Commentary by Eoin Treacy

Italian Assets Resume Slide After Euroskeptic Appointments

This article by James Hirai and Anooja Debnath for Bloomberg may be of interest to subscribers. Here is a section:

The Italian Senate picked euroskeptic economist Alberto Bagnai, author of two books advocating the dismantling of the European monetary union, as head of the finance committee.

Claudio Borghi, an adviser for the League party on the economy and on issues such as the mini-bots short-dated notes, was named the head of the budget committee in the lower house. The populist government program doesn’t include any reference to a possible option for a euro exit.

“There are a couple of high caliber League euroskeptics getting appointed to important parliamentary jobs in Italy this morning: Borghi and Bagnai,” said Antoine Bouvet, an interest- rate strategist at Mizuho International Plc. “The fact that they get roles that have to do with finance and budget has been understood by the market as a sign that the League intends on pushing its anti-euro ideas.”

Eoin Treacy's view

There is one simple fact that overrides all of the political machinations going on in Italy right now. Italy has almost as much debt as the USA does which needs to be rolled over this year. As recently as May Italian debt out to almost 3-year maturities was trading at negative rates. Today those refinancing costs are a lot more expensive. That represents a major obstacle for Italy’s populist eurosceptics.

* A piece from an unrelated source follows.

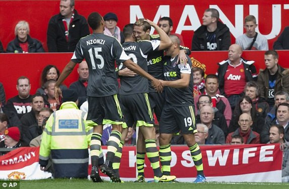 27' NGUY HIỂM.... Peter Crouch và Jonathan Walters thoải mái phối hợp trong khu vực 16m50, trước khi Walters tung cú sút trái phá về phía De Gea. Chỉ có sự xuất sắc của thủ thành người Tây Ban Nha, MU mới thoát hiểm. Thật khó tưởng tượng David Moyes đã làm gì với hàng thủ MU. Từ chỗ là một trong những hàng phòng ngự hàng đầu châu Âu, giờ đây bộ tứ vệ tại Old Trafford chẳng khác gì những cậu học trò mới vào nghề.
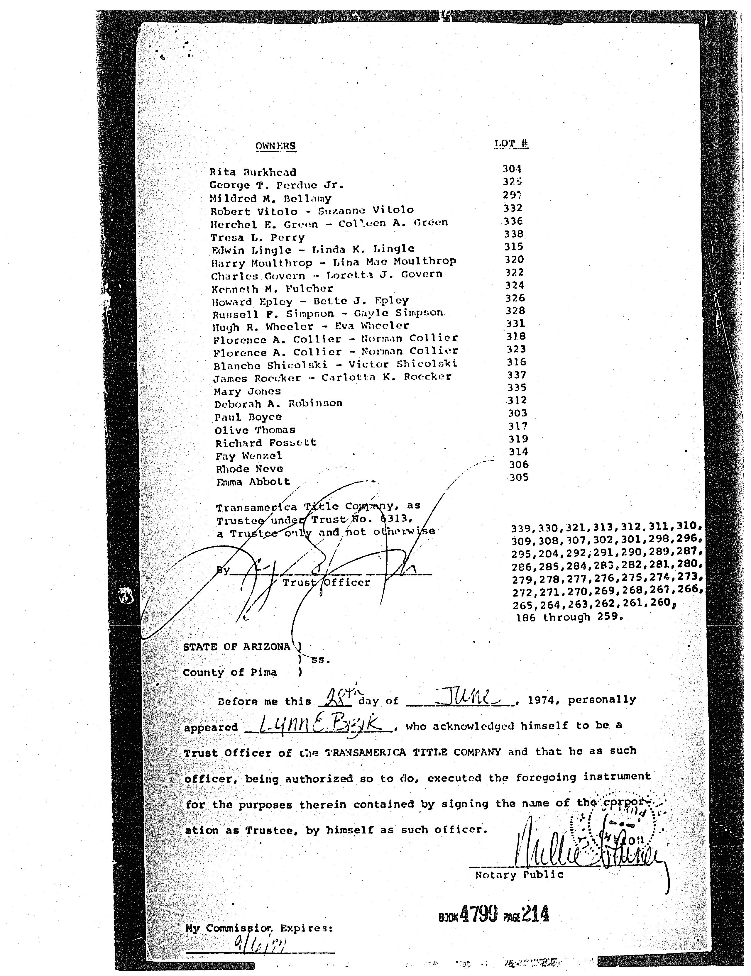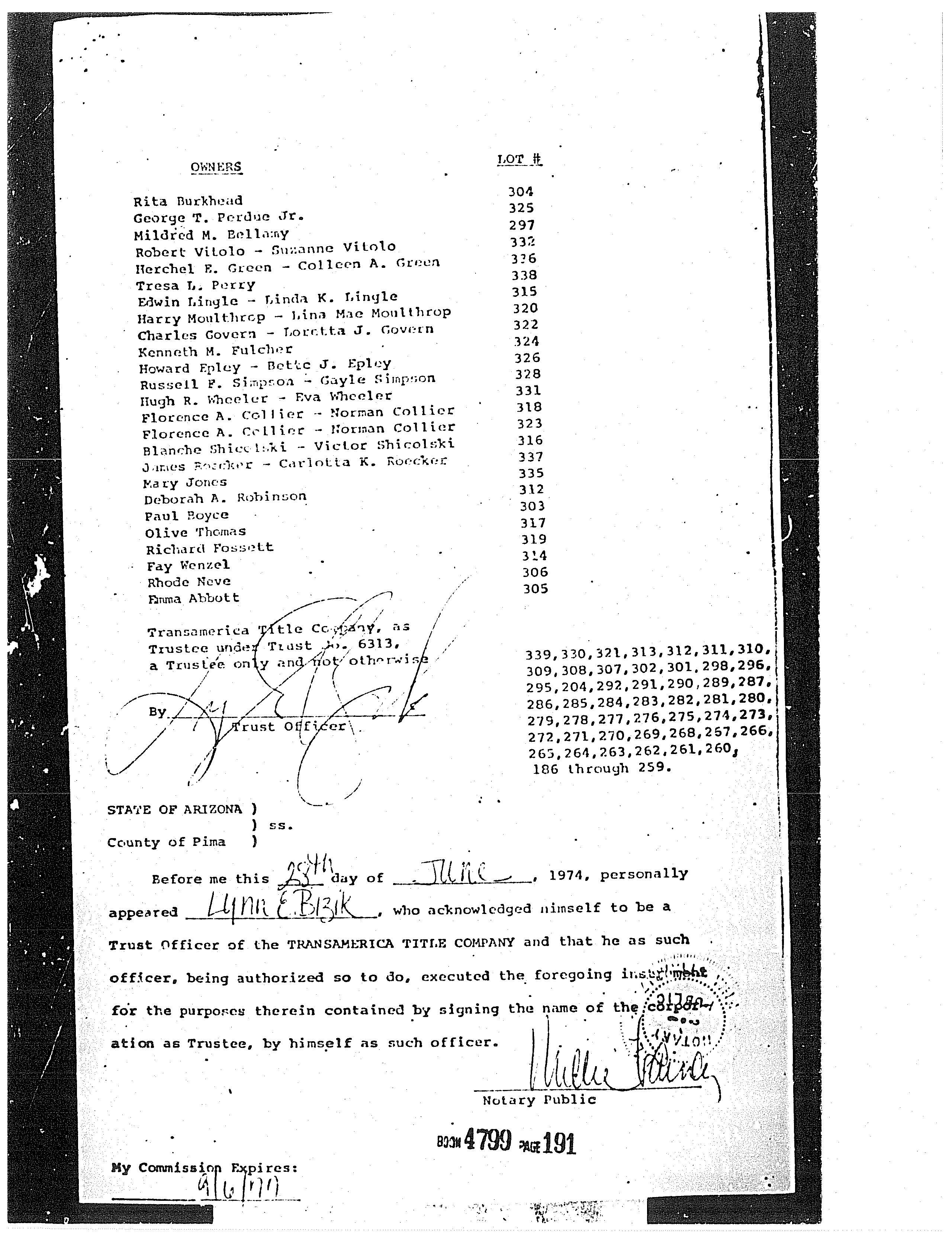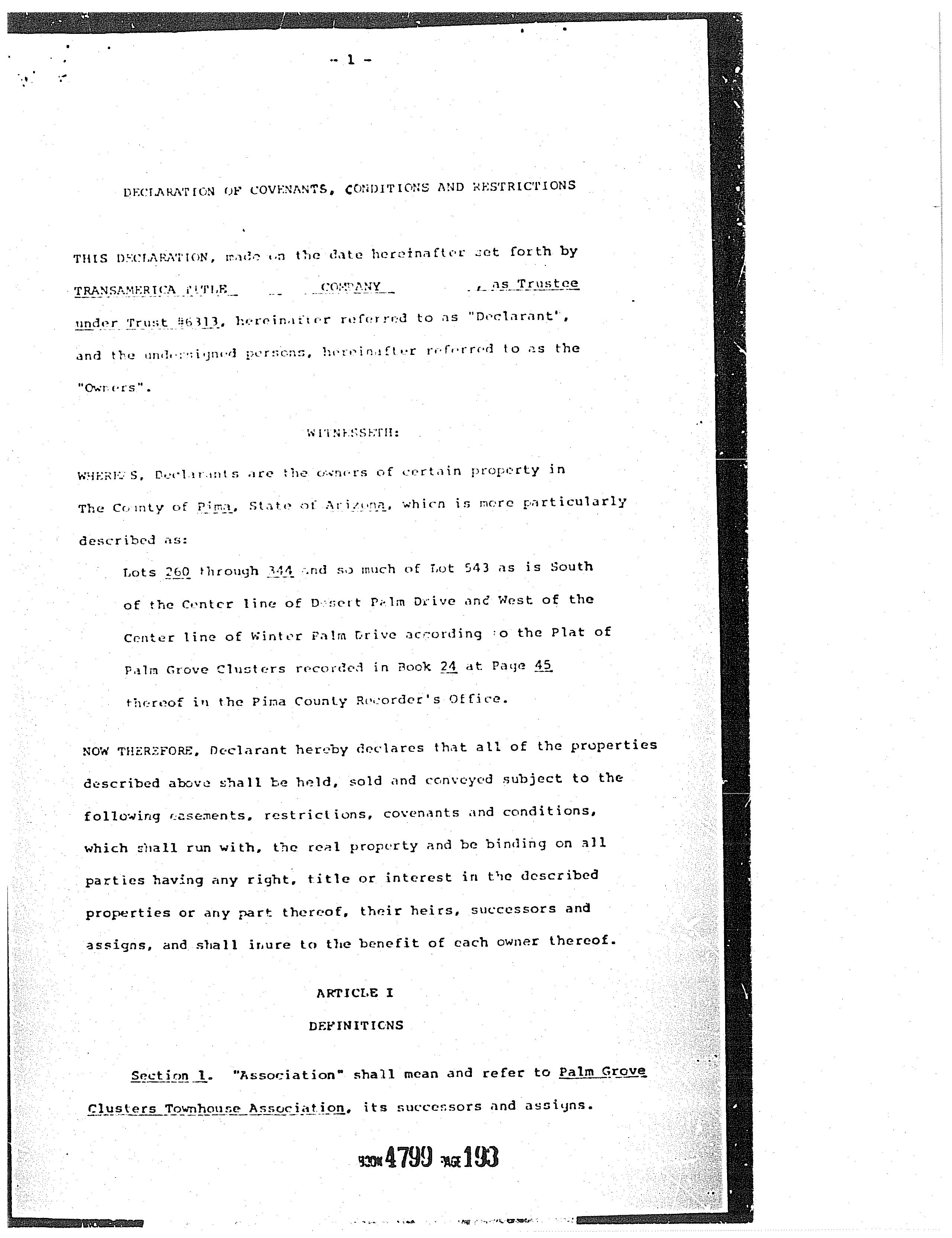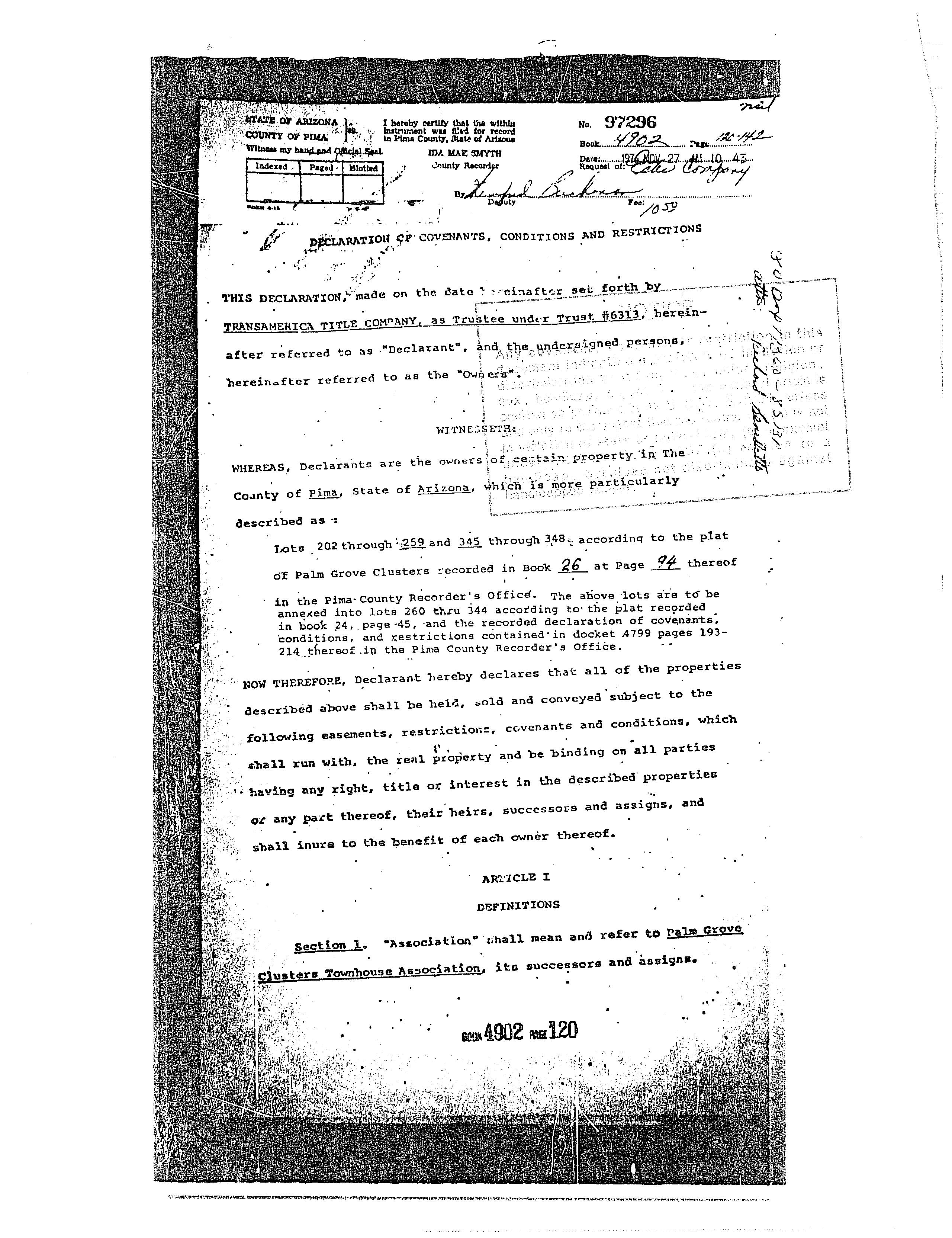 Legal Description : Palm Grove Clusters Resub Townhouses Lot 244 County : Pima, Az APN : 136-37-3970

So far, the EU appears willing to appease Italy on the issue of immigration management, enforcement and funding. However, the primary issue of fiscal restraint remains an open sore. There is every possibility that rather than attempt to take Italy out of the Euro, its new populist government is going to follow through on a macro equivalent of civil disobedience and spend well beyond the limits of what the fiscal compact indicates.

Italian 10-year BTP yields are firming from the 2.5% level and it is hard to imagine they are going to trade back below 2% while a populist administration is threatening to spend its way out of trouble with money it does not have.

The FTSE MIB Index encountered resistance in the region of the trend mean this week and a sustained move above 22500 would be required to question medium-term scope for continued downside.